There are   C(13,5) x 4^5  ways with all cards of different face value.
There are C(4,1) x C(13,5) ways where cards are all of the same suit,
and 10 x 4^5 - 10 x 4 ways where cards form a straight.

The number of ways that a straight can be formed is as follows:

10 is the number of ways of choosing the first face value of the straight.
4^5 is the number of ways of choosing the suit for each of the 5 cards.
10 x 4 is number of ways of choosing a straight all of one suit.

So Prob(5 different face values, not in sequence, not in same suit)

C(13,5) x 4^5 - C(4,1) x C(13,5) - (10 x 4^5 - 10 x 4)
= ------------------------------------------------------ = 0.501177
C(52,5)

----------------------------------------------------------------------

b. One pair [two of one face value, and 3 cards of different face
values, no matching the pair]

13 x 4C2 x 12C3 x 4^3
Prob(1 pair) = ---------------------- = 0.422569
52C5

----------------------------------------------------------------------

c. Two pairs [one pair of each two different face values and a card of
a third face value]

13C2 x 4C2 x 4C2 x 11 x 4
Prob(2 pairs) =  -------------------------  = .0475390
52C5

The various terms in above expression arise as follows.

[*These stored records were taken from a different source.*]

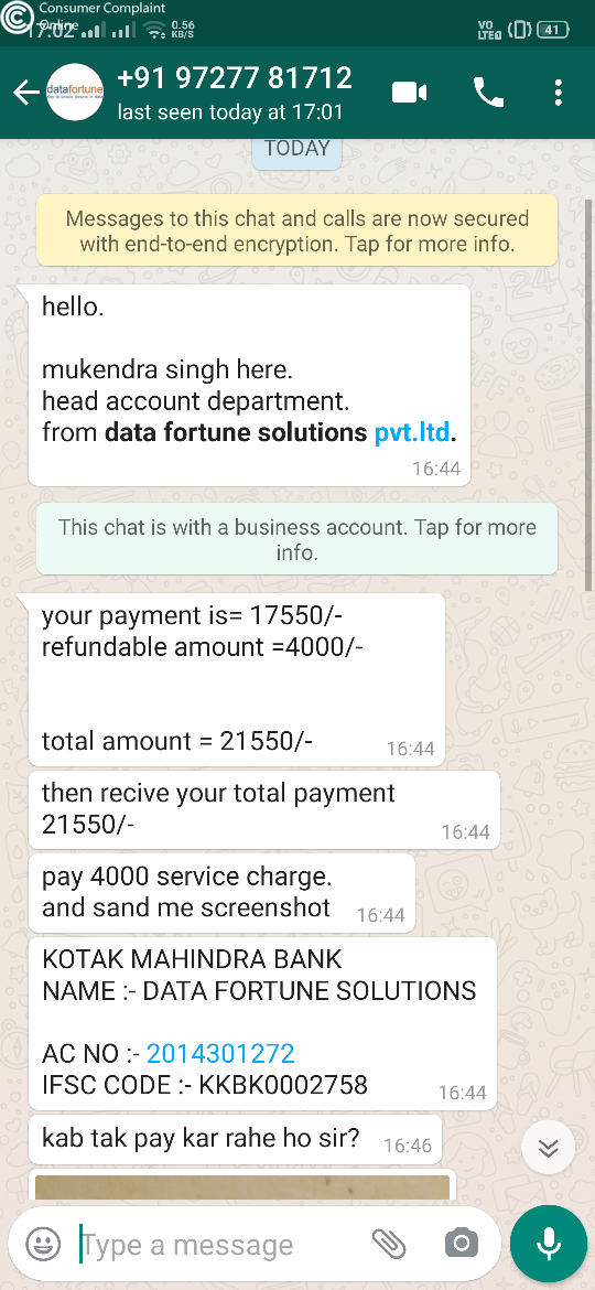 Company ne pahle mujhse data entry ka kam karaya mujhe yah bataya ki 25 rupaye per paragraph aapko milengeaur saat din mein aapko 800 paragraph complete karne padenga vah humne pure kar diye uske bad unka call aaya aapko 4000 rupaye pahle jama karne padenge uske bad aap ki salary milegi per Jaise humne inko payment ki uske bad se yah phone nahin utha rahe Na kuch kar rahe Jo humne rupaye diye the vah bhi wapas nahin kar rahe
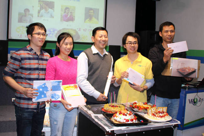 比赛过后大家热情依然高涨,活动至此怎能结束!紧接着生日祝福音乐的响起,第四季度生日的同事逐一被请至镁光灯下,受赠礼物、向蜡烛许愿、切开亲手制作的蛋糕和接受大家的真挚祝福。
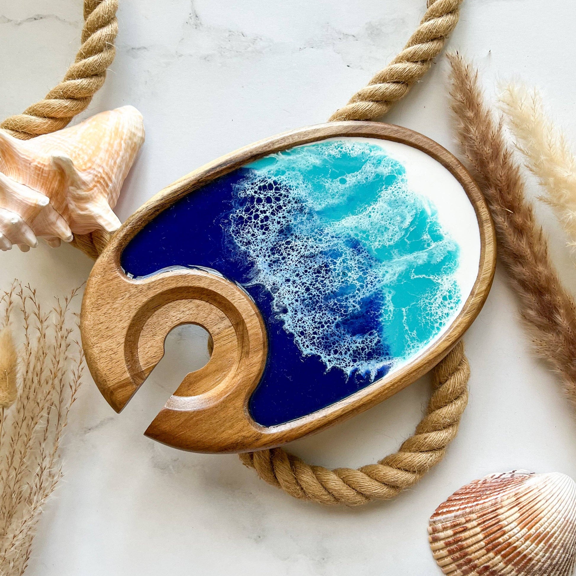 Citrus Waves Art - Personal Charcuterie Board with Wine Glass Holder
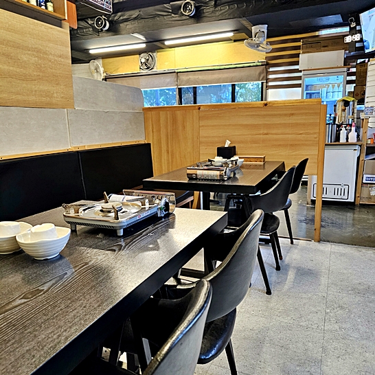 실내는 깔끔하고 편안합니다. 테이블 간격이 넓지는 않지만 가족 단위나 소규모 모임에 적합합니다.

13C2 = (13 choose 2) is the number of ways of choosing the two
different face values for the two pairs.

4C2 = (4 choose 2) is the number of ways of choosing the two suits for
one pair, and the second 4C2 is the number of ways of choosing the two
suits for the second pair.

11 is the number of ways of choosing the face value for the 5th card.
It must not be the same face value as either of the pairs.

4 is the number of ways of choosing the suit for the 5th card.

52C5 = (52 choose 5) is the number of unrestricted ways that 5 cards
can be selected from the 52 in the pack.

----------------------------------------------------------------------

d. Three of a Kind [exactly 3 cards of one face value and 2 different
cards]

13C1 x 4C3 x 12C2 x 4^2
Prob(Three of a kind) =  -------------------------  = .02112845
52C5

13C1 is number of ways of choosing the face value for the three cards.

4C3 is the number of ways of choosing the suits for these three cards.

12C2 is the number of ways of choosing the face values for the other
two cards. (order does NOT matter)

4^2 is the way the suits for these last two cards can be chosen.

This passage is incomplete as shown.